Cation–π–cation interactions in structural biology

Biological structures are stabilized by a variety of noncovalent interactions, such as hydrogen bonds, π –stacking, salt bridges or hydrophobic interactions. Besides hydrogen bonds and π– stacking, cation–π interactions between aromatic rings and positively charged groups have emerged as one of the most important interactions in structural biology. Although the role and energetic characteristics of these interactions is well established, a special case involving three molecular species, termed cation–π–cation interaction, is still poorly understood. In this contribution, we aim at advancing in the understanding of cation–π–cation interactions and their role in the structure and stability of biosystems via two complementary approaches.
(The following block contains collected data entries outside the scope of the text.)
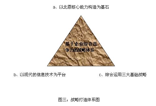 a、基于企業(yè)核心能力構(gòu)建的戰(zhàn)略:對國內(nèi)企業(yè)來講電聲行業(yè)生存易發(fā)展難,發(fā)展的瓶頸仍然來自自身核心能力的挑戰(zhàn)。世界變化的速度越來越快,企業(yè)戰(zhàn)略的制定也越來越強調(diào)本身的彈性和適應(yīng)性,更多體現(xiàn)是一種變化的戰(zhàn)略。對北恩電聲來講目前雖然有一定的市場地位,但更多源于市場的快速成長,“內(nèi)功”仍然很弱,面對下一階段殘酷的“肉搏戰(zhàn)”,北恩電聲核心能力的構(gòu)造成為目前發(fā)展中最緊急和最重要的課題。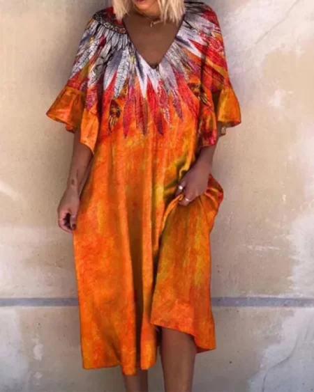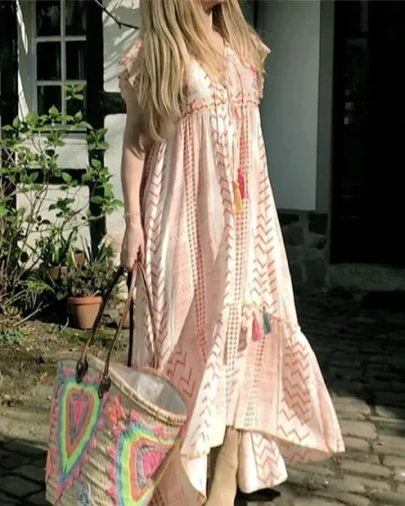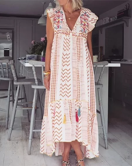 Be the first to review “Bohemian Geometric Print Flared Sleeve Casual Maxi Dress” Cancel reply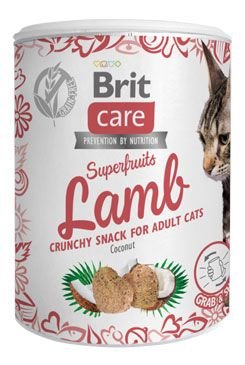 Doplňkové krmivo bez obilovin pro dospělé kočky. Křupavý pamlsek s jehněčím a se „SUPERFRUITS“ – s kokosem. Chrastící křupavé pamlsky kočku přilákají a strhnou ke společné zábavě.

The first one consists of a statistical study of the occurrence, composition and geometry of cation–π– cation interactions identified on a non-redundant set of protein structures from the PDB (Protein Data Bank), which demonstrates that cation–π–cation interactions are indeed common in proteins. We also analyze the degree of conservation of the interactions by inspection of similar sequences obtained through the sequence alignment tool BLAST. The second part of the study consists of an energetic analysis of the most relevant interactions at the SCSMP2/CBS level of theory, as well as an energy decomposition analysis for representative cases performed at the SAPT2 level. Besides the well-known deficiency of standard additive force fields to describe the relevant polarization contribution to cation–π interactions, our results indicate that non-additive three-body contributions are significant in this case, implying that cation–π– cation interactions constitute an even more challenging case expected to be dramatically misrepresented by standard additive force fields. In vacuum, the interactions identified are strongly repulsive. Further work is being carried out in order to understand the strength of cation–π–cation interactions in a protein environment, where the cation–cation repulsion will be strongly screened.